## [Data block]
*** Block opens ***
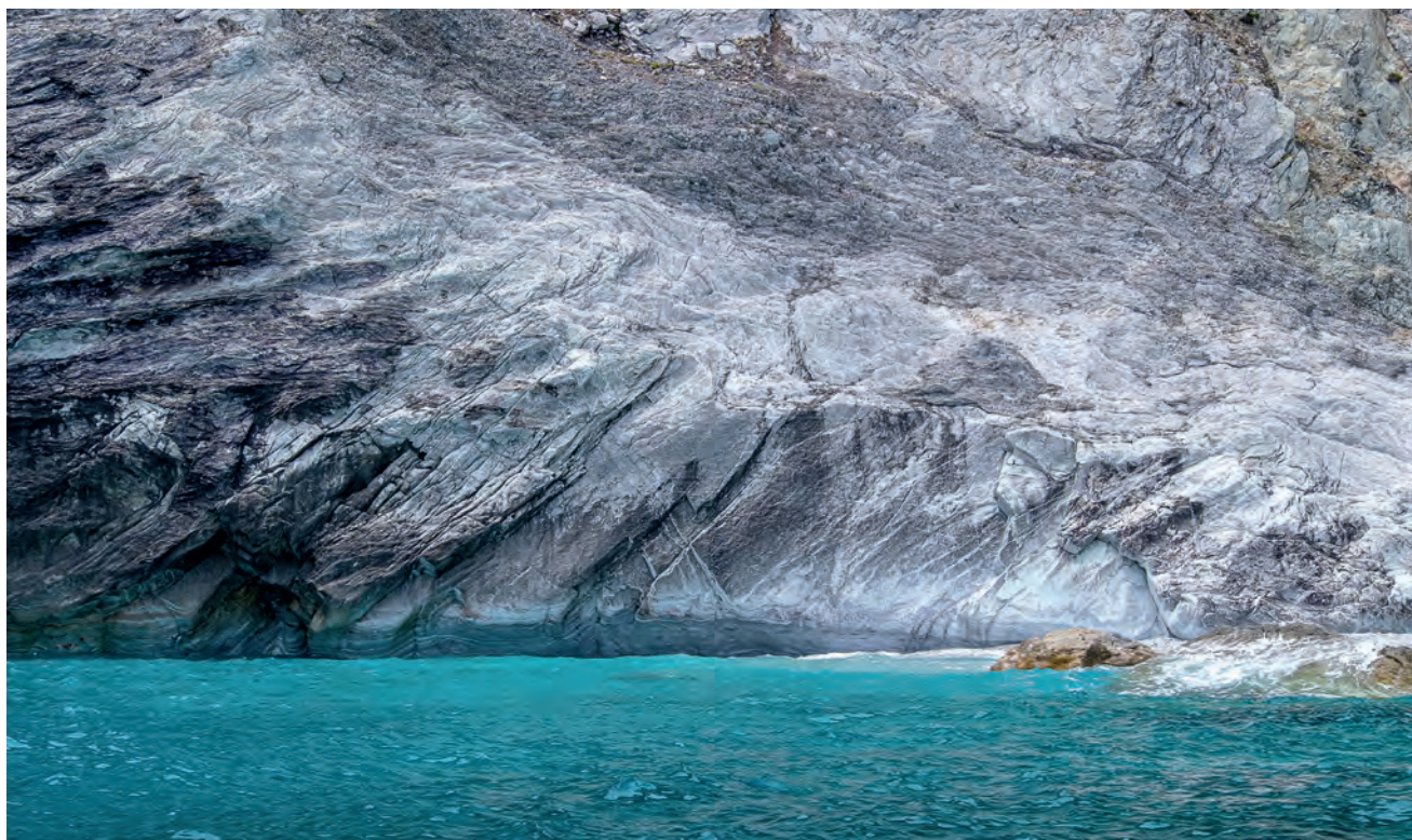
Όψεις της «Σκοτεινής Σπηλιάς»
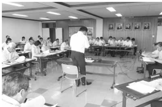
慎重な質疑が行われた議員協議会
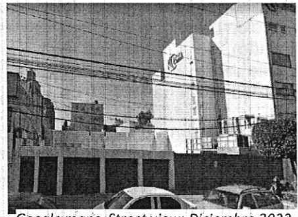
Google maps, Street view: Diciembre 2022

En conclusión, de la información descrita en los párrafos anteriores, se desprende que en el predio objeto de investigación se realizaron trabajos de demolición de una edificación de tres niveles de altura y la habilitación de una estructura metálica para obra nueva en el predio objeto de investigación, dichos trabajos no contaron con Registro de Manifestación de Construcción y/o Licencia de Construcción Especial ; por lo que corresponde a la Dirección General de Gobierno y Asuntos Jurídicos de la Alcaldía Venustiano Carranza, concluir el procedimiento de verificación administrativa en materia de construcción para el predio en comento e imponer las medidas de seguridad y sanciones que a derecho correspondan, así como enviar copia de la resolución emitida al efecto a esta Entidad. -----
*** Block closes ***
## [Directions]
Reproduce the listing exactly, images omitted.

## [Exercise solution]
Όψεις της «Σκοτεινής Σπηλιάς»
慎重な質疑が行われた議員協議会
Google maps, Street view: Diciembre 2022

En conclusión, de la información descrita en los párrafos anteriores, se desprende que en el predio objeto de investigación se realizaron trabajos de demolición de una edificación de tres niveles de altura y la habilitación de una estructura metálica para obra nueva en el predio objeto de investigación, dichos trabajos no contaron con Registro de Manifestación de Construcción y/o Licencia de Construcción Especial ; por lo que corresponde a la Dirección General de Gobierno y Asuntos Jurídicos de la Alcaldía Venustiano Carranza, concluir el procedimiento de verificación administrativa en materia de construcción para el predio en comento e imponer las medidas de seguridad y sanciones que a derecho correspondan, así como enviar copia de la resolución emitida al efecto a esta Entidad. -----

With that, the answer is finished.